Sometime in August when the polls were showing an Obama surge and the mainstream press continued to ignore increasingly dismal economic news and even more disturbing developments in the Middle East I decided I had to do something.

The NY Times told me the most distressing thing in my life was that Republicans wanted me to pay for my own contraception. Forget war in the Middle East, or a $16 trillion debt … there was a War on Women going on!

America is the richest country in the world. Five percent of the world’s population generates 21 percent of the world’s wealth. But Americans don’t seem to understand it's a luxury to argue about contraception. And we are going to lose our luxuries fast. With that debt growing close to 10 percent annually, we will soon be arguing over whether we can feed our own people.

Our country is really in trouble. I knew this. But how do you explain it to an electorate who knows more about the Kardashians than the Constitution? Sex and humor! Olivia Newton John’s song “Let’s Get Physical” came to me. That was the answer. We needed to "Get Fiscal." A YouTube video, a parody of that song with lyrics that spoke to the issues, hot girls singing, and a silly cameo by a Paul Ryan poster.

This was the answer.


Writing the lyrics, finding a conservative Olivia Newton John sound-alike, and a free recording studio was easy. What was hard? Finding someone to star in it.

A few years back, I had made a stinging short film about a photo journalist who gets an abortion and ends up grieving, eventually running into a truck and dying. Needless to say, it was pro life. I was inundated with actors and actresses wanting to be in it. To a person, almost all of them were pro choice. Did the story's theme bother them? Not really. They wanted tape for their reel, publicity if the film did well … no one cared that the film argued for something they supposedly found reprehensible … putting limits on abortion if not outlawing it completely.
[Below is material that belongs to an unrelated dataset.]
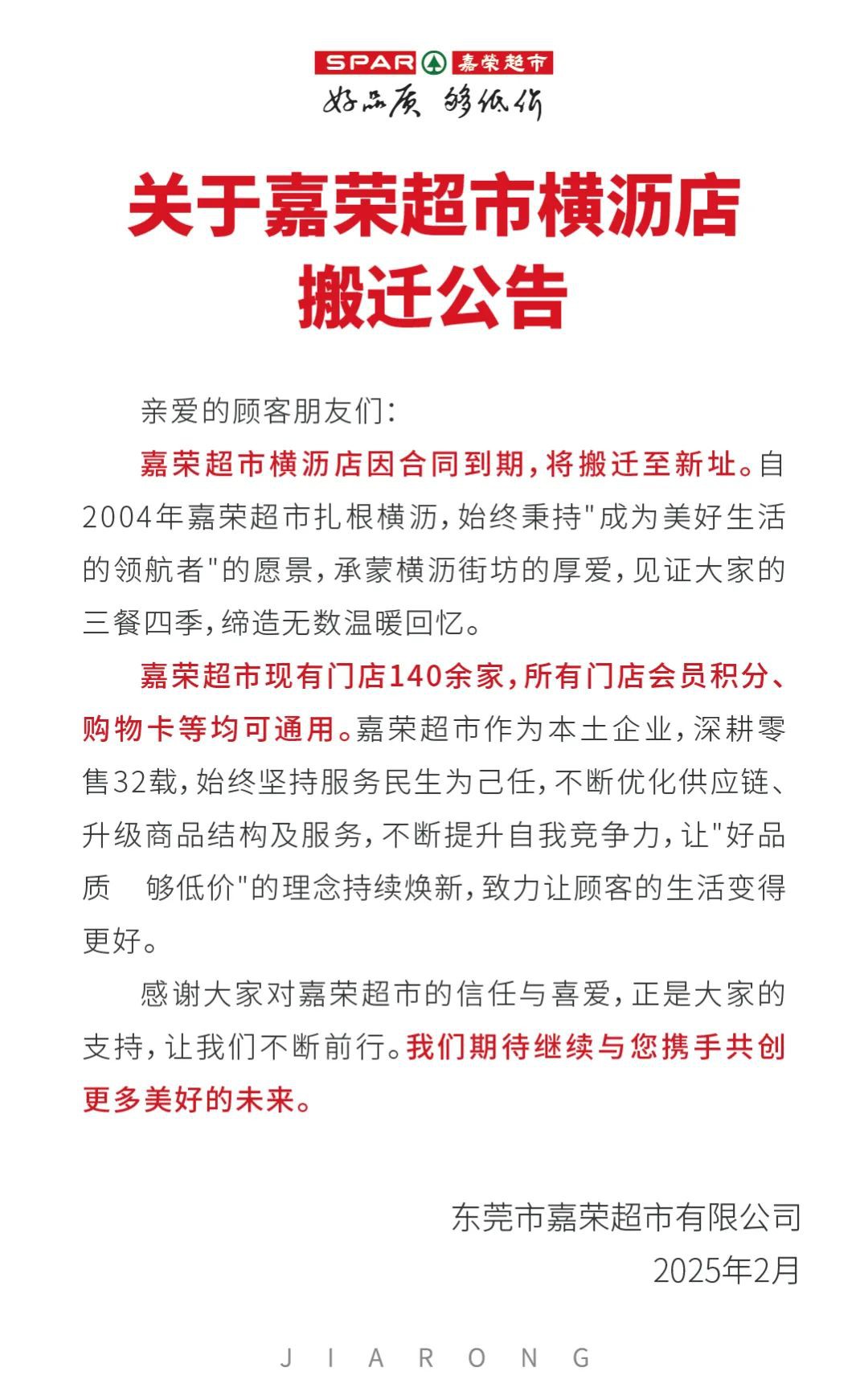 近日,東莞嘉榮超市發(fā)布公告,宣布嘉榮超市橫瀝店因合同到期,將搬遷至新址。 公告中提到,嘉榮超市現(xiàn)有門店140余家,所有門店的會員積分、購物卡等均可通用。這一安排旨在確保顧客在搬遷過渡期間能夠無縫銜接,繼續(xù)享受嘉榮超市的優(yōu)質服務。 |

I assumed “Paul Ryan Girl” would be the same. Nope. No liberal would touch it. One woman at the casting call gave us a horrified look, “you mean this is pro-Ryan?” “Hmmm, yeah” She shuddered. No, she couldn’t do this and ran out of my house.

Conservative actresses who had nary a commercial to their name refused. “It would hurt my career.” “My agent wouldn’t allow me to do this.” “My manager thinks it’s a bad idea.”

Enter Maredith Walker. Not only did she audition for the part, she wanted her name on it. She was beautiful, talented and would show up early on a Sunday morning for an all-day shoot. What was not to like? Well, she was a true conservative. She had things like, oh, principles she lived by. One, was that marriage is sacred. You don’t come on to other women’s husbands. I agreed with that principal but … this was fiction. We had a YouTube video to make!

We had an opening scene and a mid-point Obama Girl scene, this piece was going to be longer than three minutes. This was a parody. It had to be sexy, funny, and *outrageous* to work. But she could not body slam the poster, on principal. It was wrong. There is a line and we were trying to walk it. A line that "Saturday Night Live" walks well, in which you go over the top and it’s no longer sexual, it’s well, funny.

Singing to a shirtless poster of Ryan was amusing, but to work, she had to dance with him, body slam him, be like a crazed Justin Bieber fan. But as a director I had to figure out how Walker could do this without compromising her principals. Our country was at stake.

Needless to say, we did it. Walker is both sexy and ridiculous and wonderful in the piece. But … unlike everyone else working on it … she wanted her name on the opening. Her name? Conservatives are swatted like mosquitoes and careers put out to pasture for less. She inspired me. Put my name on it, too! To hell with them.

Within 48 hours of uploading the piece to YouTube, Walker was being interviewed on national TV, we had 82,000 hits, twelve media outlets had run a story on it and more were seeking interviews. A well-known conservative producer wanted Walker’s contact to put her in a feature film he was casting.

Because I’m a story teller, I like morals to them. The moral of this story? Even when it seems like having integrity will not pay off. It does. Even when standing up and saying “I’m a conservative” feels like a stupid thing to do. It very well may not be. This was, after all, why I loved Ryan. He touched that “third rail” of politics because someone had to. He was willing to risk his career for something more important, saving the fiscal health of our country.

Walker wanted to be in a YouTube video that honored Ryan but did not dishonor his wife. She refused to hide under a rock for “her career” because she knew that the gifts God had given her, her looks and talent, could serve something bigger than herself. And in the end, she has not ruined her career. She just launched it.